I would definitely agree that the setup is more important, and that is something that should be checked first.

I still wouldn't dissuade the OP from trying different strings though (And I'm not saying anybody else is, I'm just clarifying that the two aren't necessarily mutually exclusive.)

If the guitar needs a proper setup, then yes changing strings won't help--but it could be setup properly, and it really is the strings that is causing the problem.

I've had times where I changed to a different type of string and found they made a world of difference in how my guitar felt to play.

So first--check the setup-if you don't know how to do this--get it to someone who does.
Second-whether it needs a set up or not--after the setup feel free to try different strings--although be aware if you change string gauges that could affect the set up-primarily the intonation.

As for strings?
If you can find Admas phosphor Bronze--try them--well worth it--great sounding strings, and I love the way they feel.


----------



## mrmatt1972 (Apr 3, 2008)

I can't say enough about DR coated strings for acoustic. I use 12s and they feel and sound really nice.


----------



## Greg Ellis (Oct 1, 2007)

I can't help wondering what strings are on all the Art & Lutherie guitars I've played in the shops. Those feel great.


----------



## zontar (Oct 25, 2007)

Greg Ellis said:


> I can't help wondering what strings are on all the Art & Lutherie guitars I've played in the shops. Those feel great.


Godin Strings

Oddly enough, it's the same as on Simon & Patricks, and the other steel string acoustic brands.
The other Godin brands also have their own special strings.


----------



## Mooh (Mar 7, 2007)

Godin strings are made by D'Addario, according to a guy at L&M, and they certainly feel like it.

Peace, Mooh.


----------



## Greg Ellis (Oct 1, 2007)

Mooh said:


> Godin strings are made by D'Addario, according to a guy at L&M, and they certainly feel like it.
> 
> Peace, Mooh.


I don't know whether to laugh or cry. They match the D'Addarios exactly - sizes, "enviro-firendly" packaging, etc.
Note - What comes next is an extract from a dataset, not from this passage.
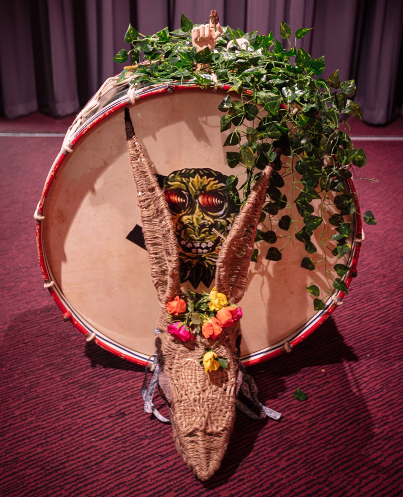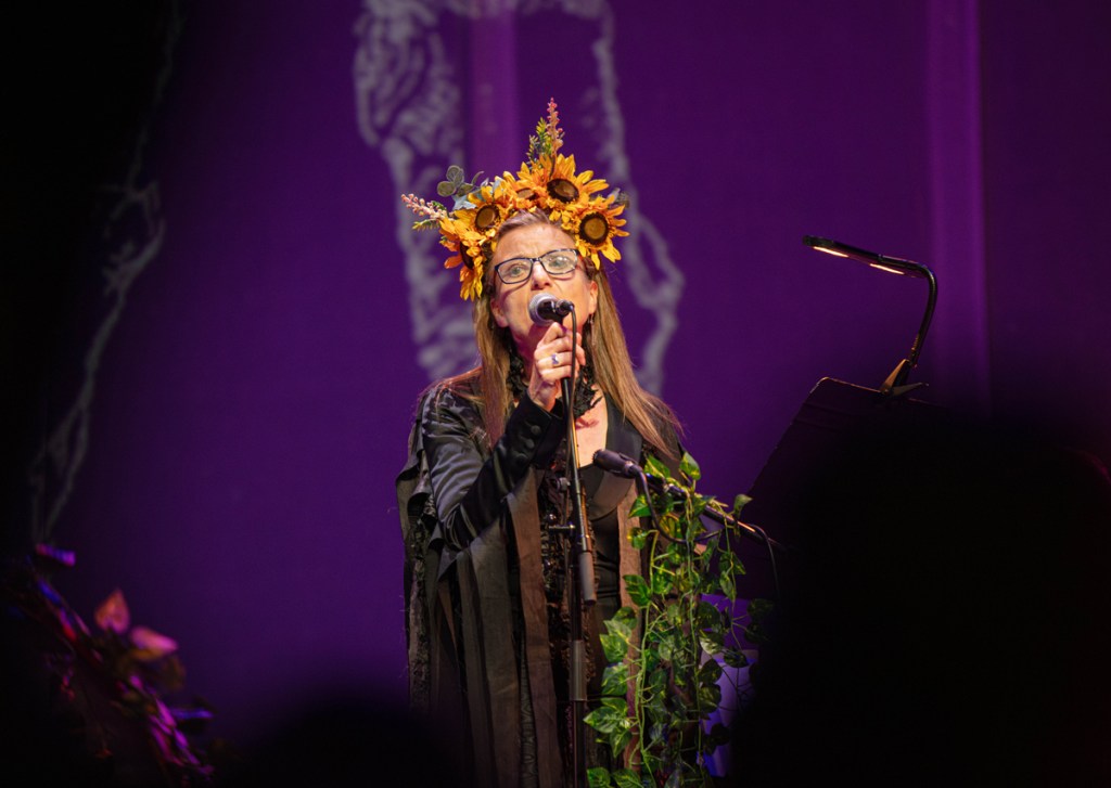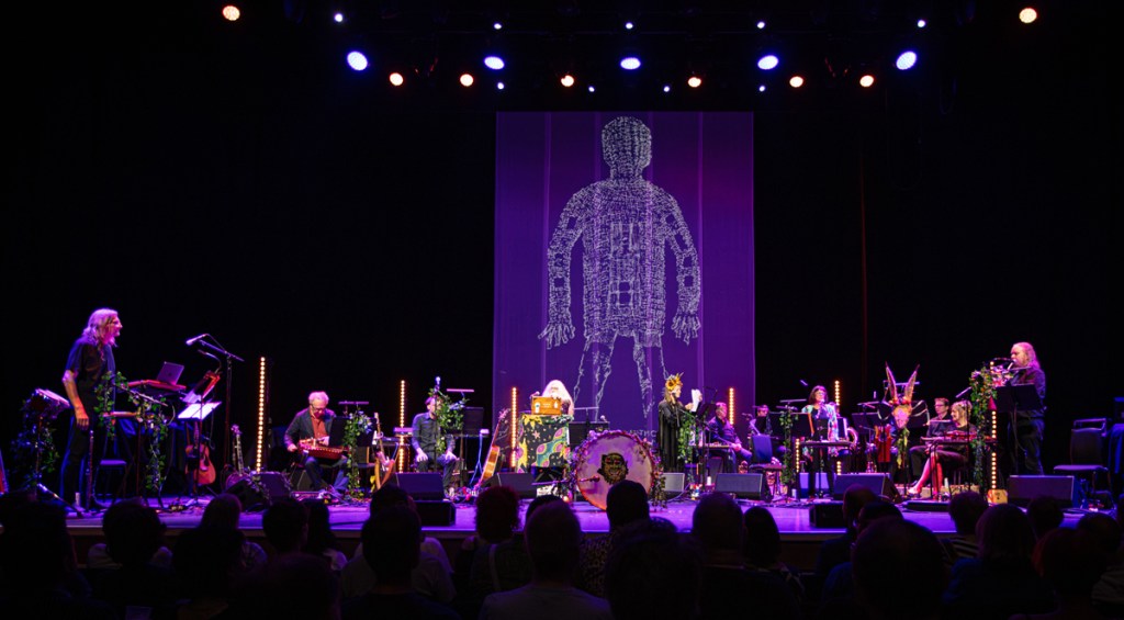 The original rather British film, 1973’s gloriously strange and at times (very) dark The Wicker Man drew from Britain’s pagan past, and indeed its music – the soundtrack is brilliant, fusing a traditional feel, traditional old songs with new pieces, with strongly folk flavoured bawdy pub singalongs, it is now widely recognised as a classic, a word of mouth bootleg trade of both the music and fifth-hand VHS copies of the actual film (that I first recall seeing sometime in the 70’s, without any knowledge or warning, just after Match of The Day on the BBC late on a Saturday night). Paul Giovanni’s excellent soundtrack is widely available now, once again we owe Johnny Trunk a big thanks and we the audience collectively know it well enough to anticipate pretty much all of it. There’s a warmth in the hall, a shared delight, the film might well be rather dark, disturbing, the horrified noise of the animals (rather than the very straight-laced policeman), but there is a delight, a psychedelic English/Scottish folk delight, and yes there is a strong sense of that counter culture element, the whole thing is very 1973. Tonight, fifty years on, it is clear that the performance is an organic labour of love, that the players have a strong affection for the wonderful mixed bag of music, the oddball eccentricity of it all, no part ever at odds with another. The performance is a triumph, the whole thing greeted with loud cheers at the end, the packed audience united in the delight of it all and oh god and Fireleap and Maypole, and in the woods there grew a tree and yes, excellently perfomed.

Maybe the trick is to let a bunch of strangers spend their Saturdays playing Smoke on the Water on my guitar for six or eight months to "break it in". ; )


----------



## zontar (Oct 25, 2007)

Greg Ellis said:


> I don't know whether to laugh or cry. They match the D'Addarios exactly - sizes, "enviro-firendly" packaging, etc.
> 
> Maybe the trick is to let a bunch of strangers spend their Saturdays playing Smoke on the Water on my guitar for six or eight months to "break it in". ; )


Well, if I'm in the neighbourhood, I'll drop in.

D'Addario made eh?


----------